Verdammte unbesonnene Füße! Sie spielten mir einen ähnlichen Streich, als ich einmal in Göttingen bei Professor Saalfeld hospitierte und dieser mit seiner steifen Beweglichkeit auf dem Katheder hin und her sprang und sich echauffierte, um auf den Kaiser Napoleon recht ordentlich schimpfen zu können – nein, arme Füße, ich kann es euch nicht verdenken, daß ihr damals getrommelt, ja ich würde es euch nicht mal verdacht haben, wenn ihr in eurer stummen Naivetät euch noch fußtrittdeutlicher ausgesprochen hättet. Wie darf ich, der Schüler Le Grands, den Kaiser schmähen hören? Den Kaiser! den Kaiser! den großen Kaiser!

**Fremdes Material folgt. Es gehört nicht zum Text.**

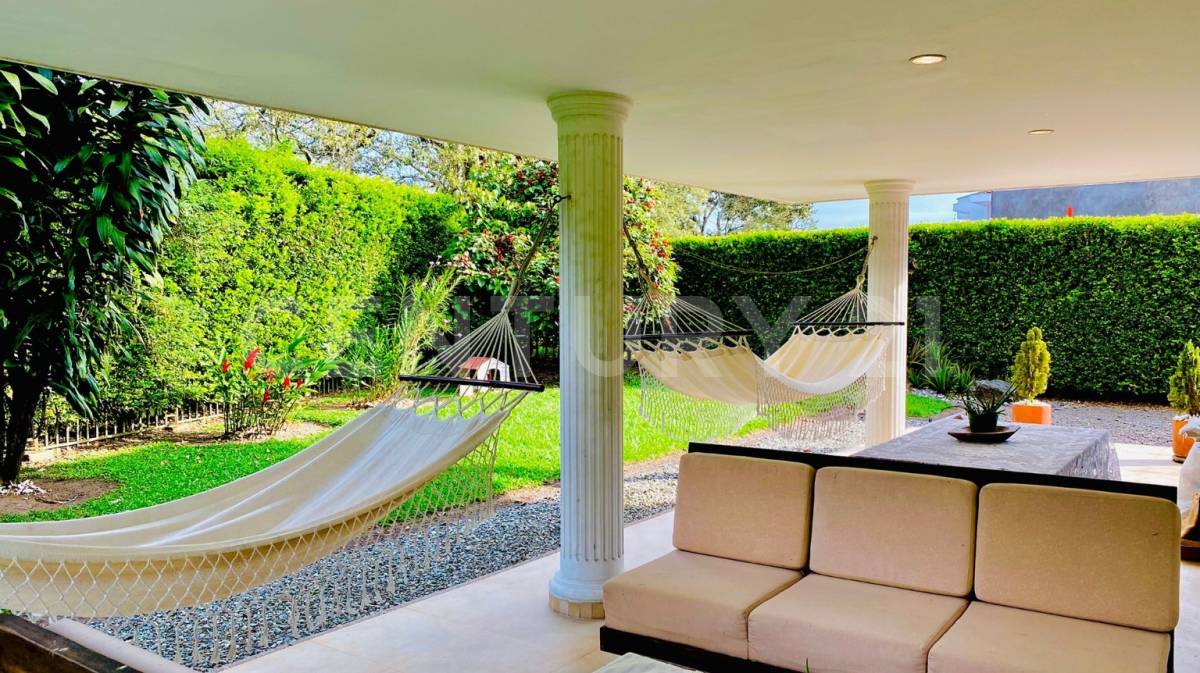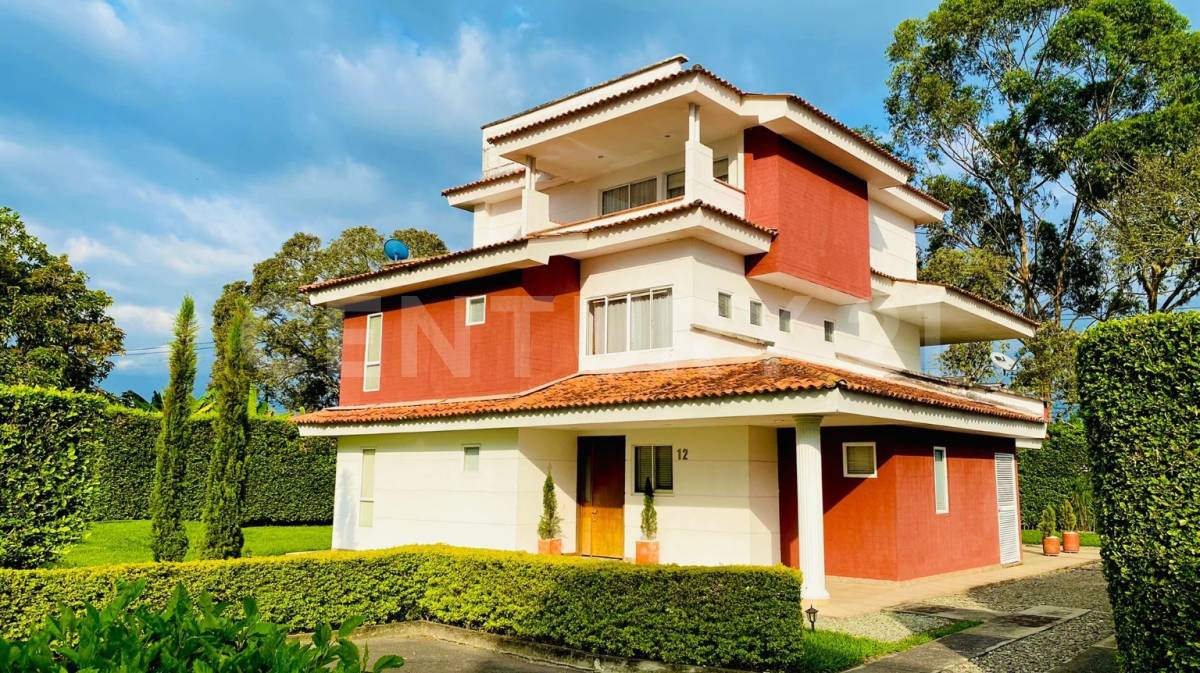 La propiedad cuenta con cocina integral, tipo terreno regular, edo. conservación muy bueno, numero de casas 17, calidad de la construcción alta, área de oficinas 1, regaderas 5, tipo de piso marmol, ambientes 5, acceso para discapacitados, agua caliente, antena parabólica, balcón, cámaras de vigilancia, estufa a gas natural, horno a gas natural, juegos infantiles, parqueadero descubierto, parqueadero visitantes, portería, salón social, jardín, piso en baldosa/mármol, citófono, sobre vía principal y portería/vigilancia

Denke ich an den großen Kaiser, so wird es in meinem Gedächtnisse wieder recht sommergrün und goldig, eine lange Lindenallee taucht blühend empor, auf den laubigen Zweigen sitzen singende Nachtigallen, der Wasserfall rauscht, auf runden Beeten stehen Blumen und bewegen traumhaft ihre schönen Häupter – ich stand mit ihnen im wunderlichen Verkehr, die geschminkten Tulpen grüßten mich bettelstolz herablassend, die nervenkranken Lilien nickten wehmütig zärtlich, die trunkenroten Rosen lachten mir schon von weitem entgegen, die Nachtviolen seufzten – mit den Myrten und Lorbeeren hatte ich damals noch keine Bekanntschaft, denn sie lockten nicht durch schimmernde Blüte, aber mit den Reseden, womit ich jetzt so schlecht stehe, war ich ganz besonders intim – Ich spreche vom Hofgarten zu Düsseldorf, wo ich oft auf dem Rasen lag und andächtig zuhörte, wenn mir Monsieur Le Grand von den Kriegstaten des großen Kaisers erzählte und dabei die Märsche schlug, die während jener Taten getrommelt wurden, so daß ich alles lebendig sah und hörte. Ich sah den Zug über den Simplon – der Kaiser voran und hinterdrein klimmend die braven Grenadiere, während aufgescheuchtes Gevögel sein Krächzen erhebt und die Gletscher in der Ferne donnern – ich sah den Kaiser, die Fahne im Arm, auf der Brücke von Lodi – ich sah den Kaiser im grauen Mantel bei Marengo – ich sah den Kaiser zu Roß in der Schlacht bei den Pyramiden – nichts als Pulverdampf und Mamelucken – ich sah den Kaiser in der Schlacht bei Austerlitz – hui! wie pfiffen die Kugeln über die glatte Eisbahn! – ich sah, ich hörte die Schlacht bei Jena – dum, dum, dum, – ich sah, ich hörte die Schlacht bei Eylau, Wagram – – – nein, kaum konnt ich es aushaken! Monsieur Le Grand trommelte, daß fast mein eignes Trommelfell dadurch zerrissen wurde.